I have a 1TB WD Black Drive that's failing. I have no delusions about saving the drive, but I'm trying to get the data off of it before it goes.

Unlike most failed drives, this one does not seem to be clicking, so I'm not entirely sure what's wrong with it. However, it's incredibly slow to read from, and I'm not sure if I'm able to write to it - if it's failing, what's the point?

I picked up another 1TB WD Black last night, and this morning I started a ddrescue operation on the failing drive, hoping to clone the drive before it goes completely. However, I'm slowly losing hope that this is a feasible salvage attempt.

ddrescue actually seems to be working well - after an hour, I'm sitting at 28MB saved, with no errors reported. However, that's the problem - it's an hour for 28MB - my average speed is just over 5k/s. At this rate, it's going to take a year to clone the drive.

Edit: for clarification, the exact command used in ddrescue was the following:
ddrescue -v -r3 -f /dev/sdb /dev/sdc clonelog.log

Part of the problem is that the drive really seems to be failing. While ddrescue is running, i'm getting the following messages:

ata19.00: exception Emask 0x0 SAct 0x0 SErr 0x0 action 0x6 frozen
ata19.00: failed command: READ DMA
ata19.00: cmd c8/00:00:00:df:00/00:00:00:00:00/e0 tag 0 dma 131072 in
res 40/00:00:00:00:00/00:00:00:00:00/40 Emask 0x4 (timeout)
ata19.00: status { DRRDY }
ata19: hard resetting link
ata19: SATA link up 1.5 Gbps (SSTatus 113 SControl 310)
ata19.00: configured for UDMA/33
ata19.00: device reported invalid CHS sector 0
ata19: EH complete

This then repeats intermittently between ddrescue updates. So my question is:

What I'm really after is a specific set of data on the drive - specifically some photos. There's about 150 GB of them, estimated, and that's all I care about retrieving. If I could only copy that data off, that'd reduce the amount of time required by about 85%, which is huge. Is there any way to do that? I think the drive itself is about 600Gb full, so possibly making an image file might be a better way to go, but I have no experience in dealing with image files, and would have no idea what to do with it after I finished.

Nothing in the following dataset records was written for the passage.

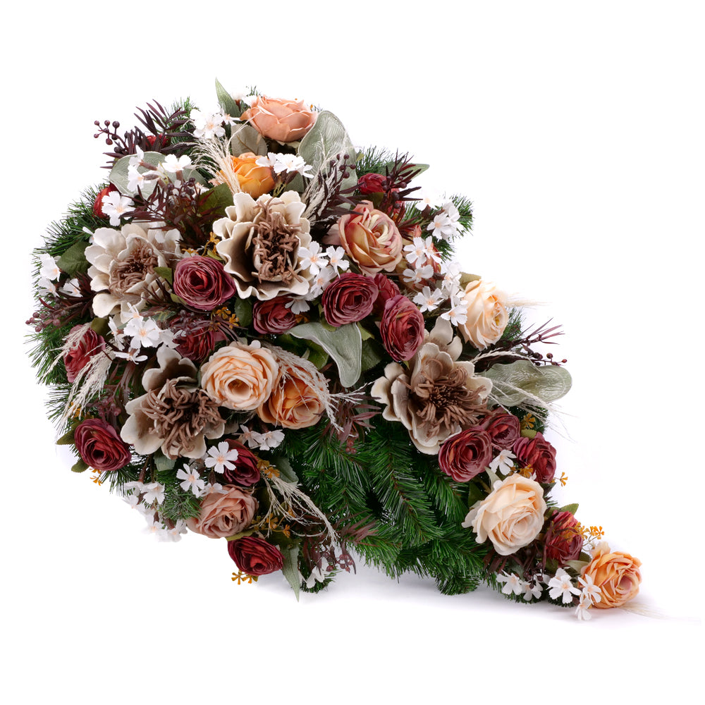 Smútočný aranžmán v tvare slzy z penových kvetov, umelých kvetov hnedej, krémovej a oranžovej farby. Základ aranžmánu tvorí slza z umelej čačiny. Na pohrebné smútočné kytice je možné doplniť stuhu, na ktorú je možné napísať odkaz s posledným zbohom s dĺžkou maximálne do 60 znakov. Text na stuhu uveďte pri vystavovaní objednávky v poznámke zákazníka.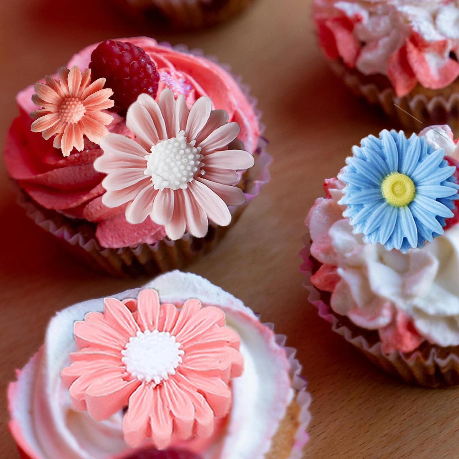 10PCS Daisy Flower Silicone Mold Chrysanthemum Flower Silicone Mold with Large-Eye Wicking Needle,Candlewick Resin Candle Molds DIY Soap Concrete Casting Polymer Clay Cupcake Topper Candy Craft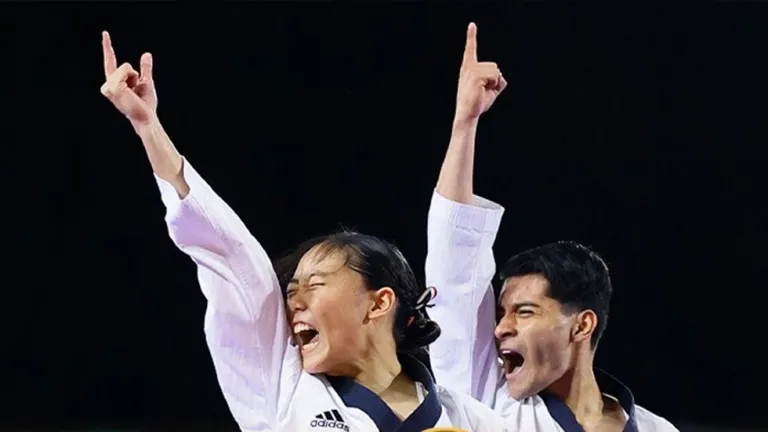La pareja mixta mexicana de Poomsae de taekwondo, integrada por William Arroyo y Seo Hyun Lee, ganó el oro panamericano con un total de 7 mil 920 puntos lo que significó el cuarto para su país en este deporte en Santiago 2023.

Is there any way to help the drive at all? Doing google searches, I've seen people suggest a variety of things, but I'm really not sure what I should be looking at doing, or how to do it. I'm only about an hour into DDRescue at this point in time, so I'd rather restart it now, rather than wait for it to get further in.

Any help would be greatly appreciated.

buttugly 01-06-2013 10:07 AM

Hi,

You mentioned you had aquired another of the same drive? If so look at the electronic parts, there are 5-6 small screws which hold it to the drive. CAREFULLY swap the electronics, they make contact through the drive case so nothing will explode when you take it apart. I use a LARGE WHITE towel to keep everything in one spot.

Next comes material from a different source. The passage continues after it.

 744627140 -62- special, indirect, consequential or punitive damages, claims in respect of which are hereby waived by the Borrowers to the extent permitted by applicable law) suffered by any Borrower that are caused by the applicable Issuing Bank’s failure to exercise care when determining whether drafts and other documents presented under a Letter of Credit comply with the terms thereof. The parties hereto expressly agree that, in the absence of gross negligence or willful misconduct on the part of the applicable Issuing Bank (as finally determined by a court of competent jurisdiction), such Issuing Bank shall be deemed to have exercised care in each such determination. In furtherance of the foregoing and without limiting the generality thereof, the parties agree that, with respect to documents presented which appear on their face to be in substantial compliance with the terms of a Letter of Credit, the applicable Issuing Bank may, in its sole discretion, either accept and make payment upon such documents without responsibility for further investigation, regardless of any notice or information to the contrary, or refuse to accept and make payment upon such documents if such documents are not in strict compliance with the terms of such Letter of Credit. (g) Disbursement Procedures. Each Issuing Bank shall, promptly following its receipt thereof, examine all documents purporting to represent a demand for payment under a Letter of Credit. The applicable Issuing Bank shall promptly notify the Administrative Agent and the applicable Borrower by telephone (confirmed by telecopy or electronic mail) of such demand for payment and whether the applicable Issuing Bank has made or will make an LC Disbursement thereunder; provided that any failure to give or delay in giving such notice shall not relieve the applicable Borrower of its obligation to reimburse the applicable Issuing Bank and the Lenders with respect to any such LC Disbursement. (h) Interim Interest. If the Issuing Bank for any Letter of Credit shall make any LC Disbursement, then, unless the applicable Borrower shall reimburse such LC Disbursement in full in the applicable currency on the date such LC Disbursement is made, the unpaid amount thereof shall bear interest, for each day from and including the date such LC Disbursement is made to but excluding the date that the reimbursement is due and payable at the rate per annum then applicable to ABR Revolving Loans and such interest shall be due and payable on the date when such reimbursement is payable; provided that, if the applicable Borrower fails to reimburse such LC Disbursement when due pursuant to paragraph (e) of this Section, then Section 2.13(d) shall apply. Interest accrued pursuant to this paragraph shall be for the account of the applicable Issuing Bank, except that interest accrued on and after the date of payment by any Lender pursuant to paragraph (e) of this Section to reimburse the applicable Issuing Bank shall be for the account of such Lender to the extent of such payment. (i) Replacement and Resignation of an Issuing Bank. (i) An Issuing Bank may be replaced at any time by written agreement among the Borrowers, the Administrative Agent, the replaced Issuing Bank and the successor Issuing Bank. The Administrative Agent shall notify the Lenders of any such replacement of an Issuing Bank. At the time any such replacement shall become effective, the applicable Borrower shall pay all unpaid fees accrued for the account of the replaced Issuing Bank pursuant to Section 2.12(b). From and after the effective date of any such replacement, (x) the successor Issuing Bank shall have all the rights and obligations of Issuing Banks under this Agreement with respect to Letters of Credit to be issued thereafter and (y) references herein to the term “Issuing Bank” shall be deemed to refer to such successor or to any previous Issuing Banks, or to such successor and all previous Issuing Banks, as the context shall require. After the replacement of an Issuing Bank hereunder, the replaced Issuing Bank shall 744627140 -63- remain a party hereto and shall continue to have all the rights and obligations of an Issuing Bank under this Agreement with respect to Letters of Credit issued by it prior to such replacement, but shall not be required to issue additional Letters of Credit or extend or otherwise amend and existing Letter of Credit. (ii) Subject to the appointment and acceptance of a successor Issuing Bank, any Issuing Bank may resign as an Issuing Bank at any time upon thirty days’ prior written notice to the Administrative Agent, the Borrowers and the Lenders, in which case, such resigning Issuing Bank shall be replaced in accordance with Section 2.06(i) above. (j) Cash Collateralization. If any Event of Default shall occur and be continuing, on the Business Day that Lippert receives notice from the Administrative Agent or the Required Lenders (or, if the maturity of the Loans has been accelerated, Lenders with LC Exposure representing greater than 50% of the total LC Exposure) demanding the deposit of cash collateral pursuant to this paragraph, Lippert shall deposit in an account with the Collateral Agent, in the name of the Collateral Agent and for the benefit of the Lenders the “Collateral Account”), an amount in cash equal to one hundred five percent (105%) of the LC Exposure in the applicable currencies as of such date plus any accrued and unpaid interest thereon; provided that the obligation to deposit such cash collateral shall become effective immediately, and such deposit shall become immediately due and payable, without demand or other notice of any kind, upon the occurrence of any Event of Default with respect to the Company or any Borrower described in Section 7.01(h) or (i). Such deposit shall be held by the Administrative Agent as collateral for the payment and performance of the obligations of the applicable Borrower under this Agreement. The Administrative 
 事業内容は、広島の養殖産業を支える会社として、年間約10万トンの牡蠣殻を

I've done this many times, usually hunt an identical from ebay and do the deed. I've always been "lucky", dozen times and counting, and recovered everything.

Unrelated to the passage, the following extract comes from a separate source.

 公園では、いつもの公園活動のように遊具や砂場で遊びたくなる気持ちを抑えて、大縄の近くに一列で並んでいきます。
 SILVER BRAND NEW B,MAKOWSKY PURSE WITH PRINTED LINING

Once recovered, swap the electronics back. Make sure you check waranty before pitching, WD is usually 3 years.

If you were using the new black to copy too, you'll have to hunt another one. You can, if you have space copy a partition to an iso and then mount with loop to get to your data.

I agree with your ddrescue choice its a personal favorite.

Also heat makes stuff expand, I've used cold packs on drives ocassionally with sucess as well,

Good Luck!
Kevin

INCyr 01-06-2013 10:10 AM

Quote:

Originally Posted by buttugly (Post 4863970)
Hi,

You mentioned you had aquired another of the same drive? If so look at the electronic parts, there are 5-6 small screws which hold it to the drive. CAREFULLY swap the electronics, they make contact through the drive case so nothing will explode when you take it apart. I use a LARGE WHITE towel to keep everything in one spot.

I've done this many times, usually hunt an identical from ebay and do the deed. I've always been "lucky", dozen times and counting, and recovered everything.

Once recovered, swap the electronics back. Make sure you check waranty before pitching, WD is usually 3 years.

If you were using the new black to copy too, you'll have to hunt another one. You can, if you have space copy a partition to an iso and then mount with loop to get to your data.

I agree with your ddrescue choice its a personal favorite.

Also heat makes stuff expand, I've used cold packs on drives ocassionally with sucess as well,

Good Luck!
Kevin

So you think the problem is the controller on the harddrive? If I stop ddrescue and swap it out, you think I'll be able to save the drive data? I'll consider it. I actually have a third black sitting around I might use for the controller. *sigh* I just want this stupid data off this drive.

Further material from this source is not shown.